Dear Tom (7)
You are right in a way about the phantom status of international law. There is obviously a common tendency is to regard the issues and provisions of international law as mere legalisms that do not impact “facts on the ground”; yet when adduced against the Israeli brief, they are suddenly transformed into legalities. One can’t have it both ways. This is the essential point. If the concept of international law is to have any meaning at all, if its dispensations are understood to be valid and to apply in all circumstances, and if we intend to be consistent as moral agents and political actors, then we have no option but to accept the conclusion that Israel is not an “occupying power,” that the territories in question are its legitimate possession, and that it has every right to dispose of these lands as it sees fit. If we reject this conclusion, not to put too fine a point on it, we are merely cynics wedded to the politics of expediency or temporizers divorced from the dictates of conscience. Cosi fan tutte, perhaps; nevertheless, it remains a scandal. To reiterate, international law is international law; it cannot be applied unevenly or preferentially without damaging or abrogating the very concept itself. It must be bluntly said that the anti-Israeli consensus concerning the Territories and the Golan is tantamount to the annulment of the principle of law, to revoking what is supposed to be imprescriptible. But Israel is not the only victim of such chicanery; the convention of international law is equally damaged, if not vitiated. So, I concede, you are probably right.
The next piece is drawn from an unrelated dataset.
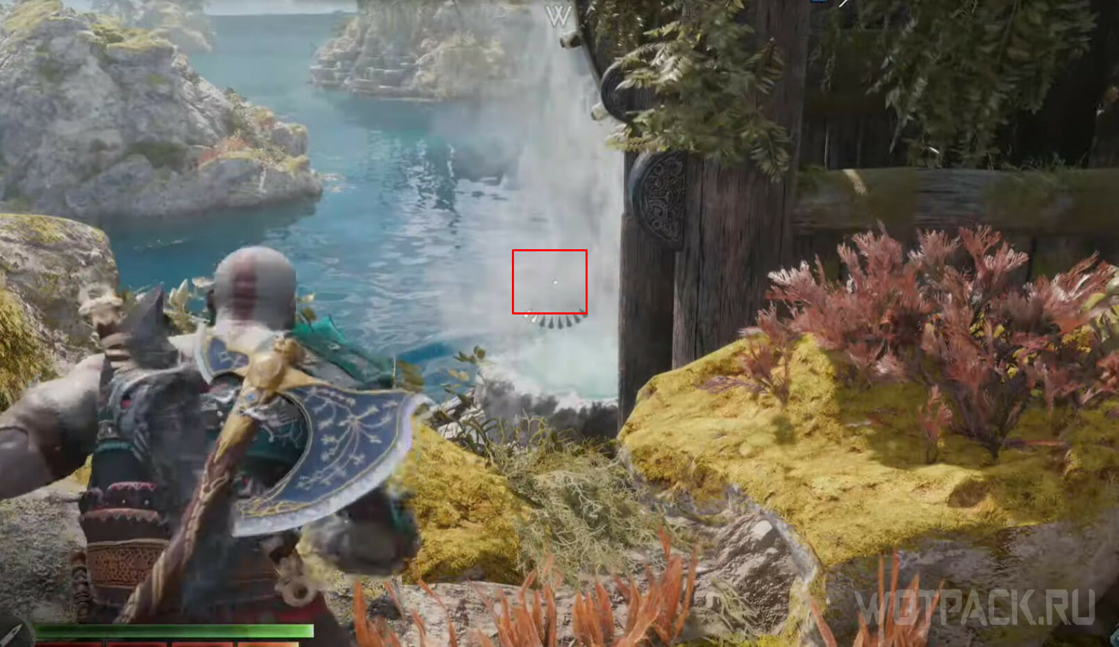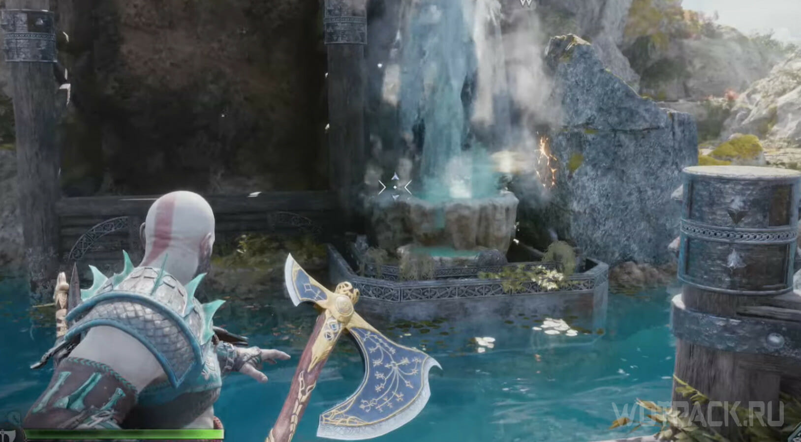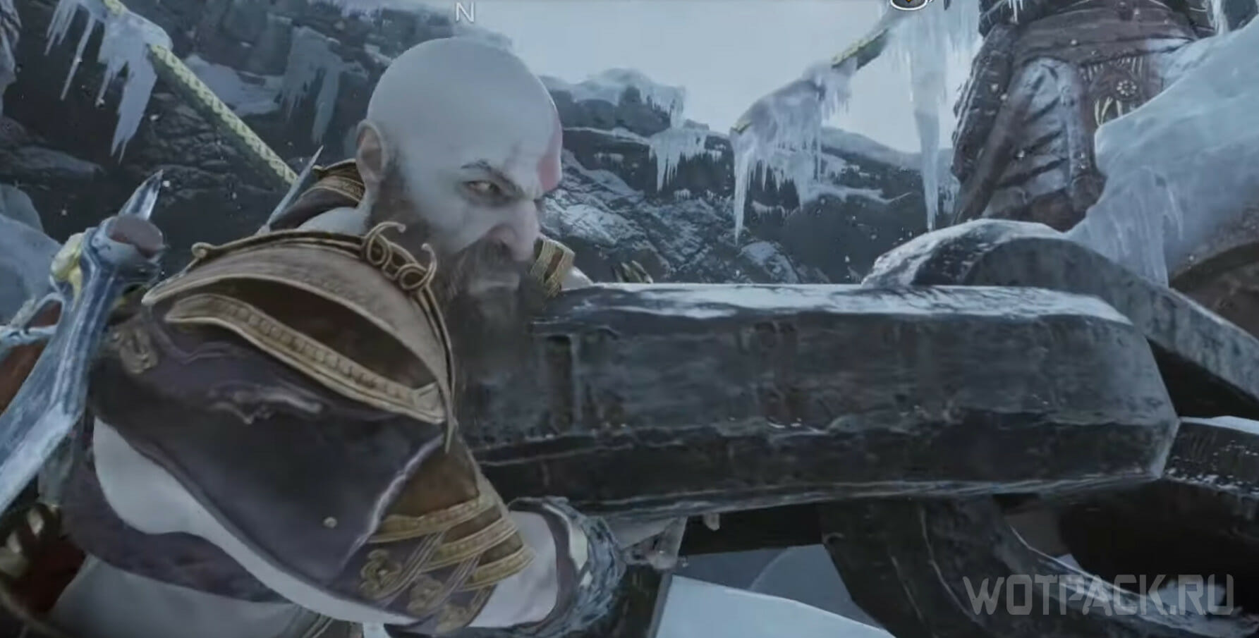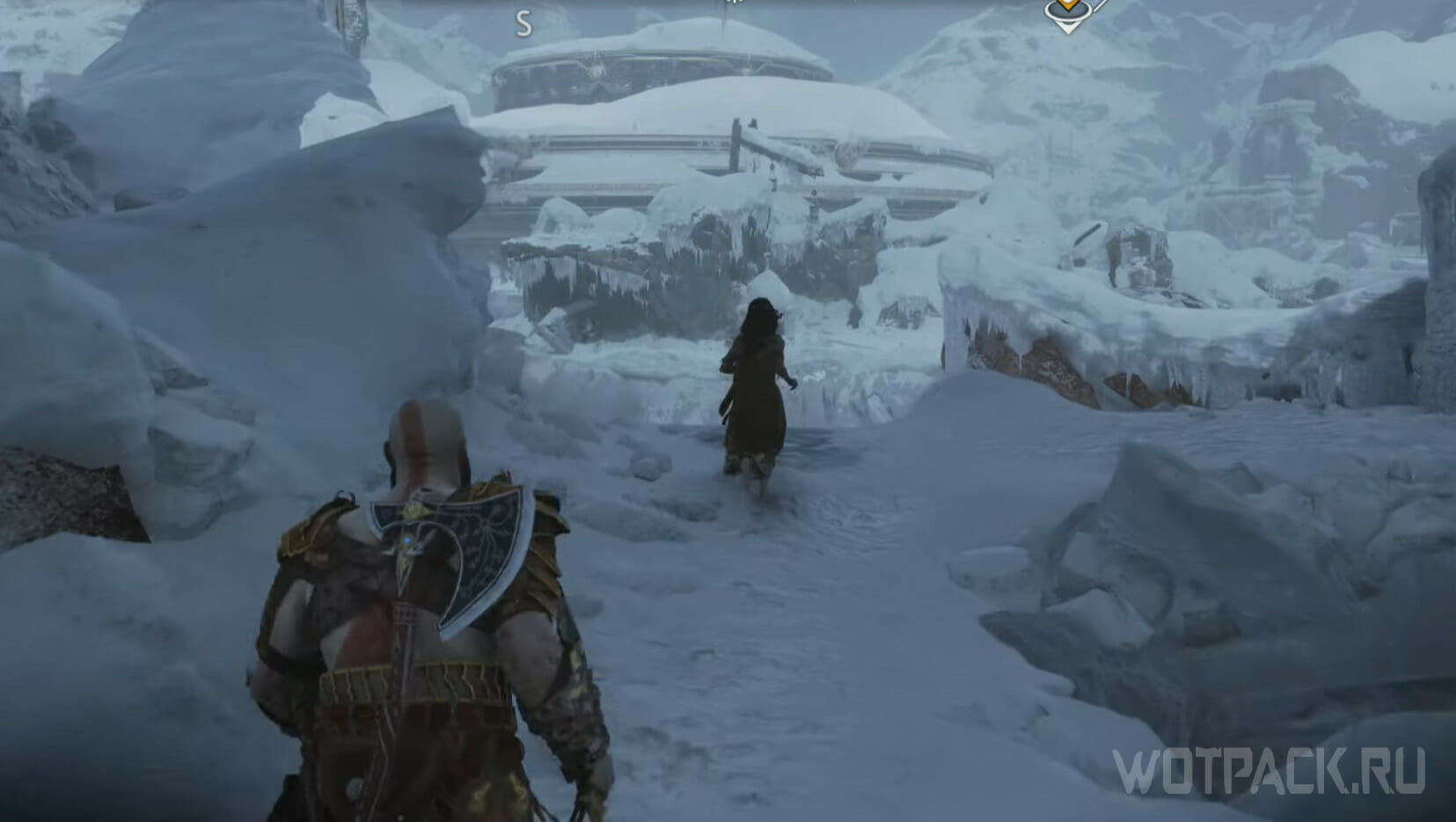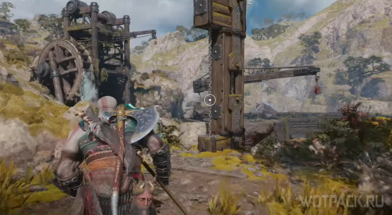 Спрыгните в колодец, расположенный по центру. Оказавшись внизу, запустите топор во вращающийся столб (в белую его часть), чтобы поднять механизм вверх. Попросите Фрейю выстрелить рунической стрелой в шестерню под столбом и бросьте туда топор, чтобы заморозить конструкцию.

And Paul (6), there is some truth to what you say, except for the fact that I’m not wearing rose-coloured glasses. I grew up in ultramontane Quebec where antisemitism was in the air one breathed, and to this day I bear the facial scars from some of the ambushes that were prepared for this Jewish kid walking to school. Nothing even remotely similar ever happened to me during my various sojourns in Greece from 1967 to 2001, not even verbally. As for the history of antisemitism in Greece, yes, it’s not a very pretty sight, but when compared to the phenomenon in a host of other countries (which I need not mention), I’d take it anytime.